Bergen Heliport, Grønneviksøren (Bergen helikopterplass, Grønneviksøren) is a heliport situated at Grønneviksøren on the shore of Store Lungegårdsvannet in Bergen, Norway. It is solely used for air ambulance services to Haukeland University Hospital. The heliport is owned and operated by Bergen Hospital Trust. It is the base for a Eurocopter EC-135P2+ operated by Norsk Luftambulanse (NLA) for the Norwegian Air Ambulance. Grønneviksøren is also used by the Royal Norwegian Air Force's 330 Squadron's Westland Sea King search and rescue helicopters.

The landing pad measures 60 by 34 m. Grønneviksøren is located 2 km from the hospital and patients must therefore be transported by ambulance to Haukeland. In cases where time is imperative, the helicopters can land at a helipad situated on-site at the hospital.

When the air ambulance service commenced in Bergen in 1987, Bergen Heliport, Nygårdstangen was built. With the lot being sold, the heliport relocated to Grønneviksøren in 2002. Since 2012 it has been supplemented with the helipad at the hospital. There are plans to move the heliport to a new location at Nygårdstangen.

==History==
Bergen received a helicopter air ambulance service in 1987. It was initially a private initiative operated by NLA, with some grants from the National Insurance Service. This service was initially based at the "Circus lot" at Nygårdstangen. The service was taken over by Airlift in 1994. They started the process of considering Grønneviksøren as a more suitable location.

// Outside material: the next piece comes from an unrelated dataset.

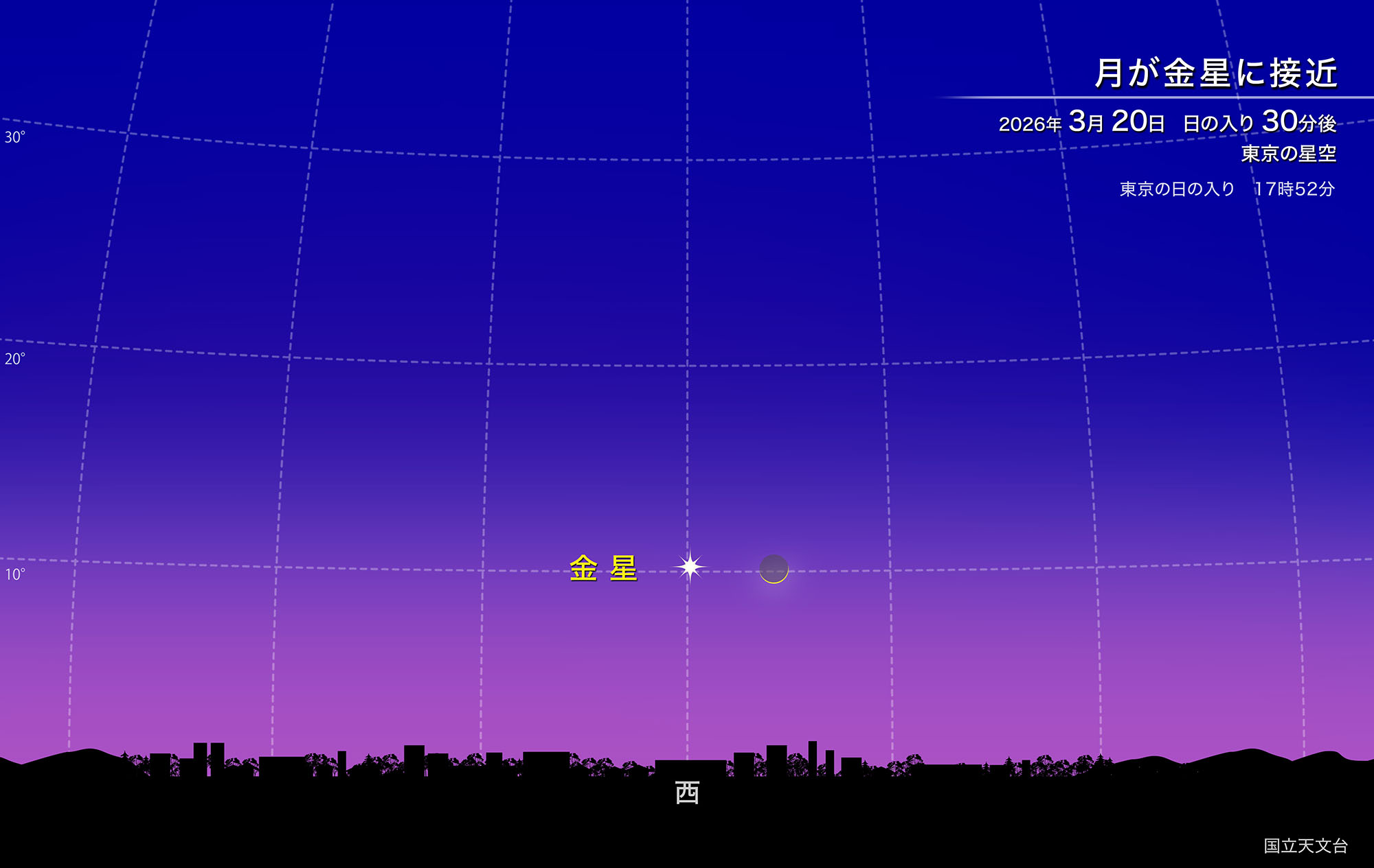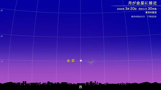 3月20日、春分の日の日の入り後に、月齢1.3の月が金星に接近しています。月も金星も高度が低く、その上、月がたいへん細いため、接近の様子を見るには場所や時刻に注意する必要があります。

The original heliport lot was deemed a temporary solution. In 2002 the owner of the lot, Bergen Municipality, signed an option to allow Bergensia Badeland to build a swimming pool at the site. There was a three-month resignation clause in the rental agreement, and Bergen Heath Trust, which had taken over the ownership of the hospital that year, therefore decided that it would need to move the heliport to Grønneviksøren. Also the new lot was municipal. The moving was complicated by the municipality using time on the planning permissions.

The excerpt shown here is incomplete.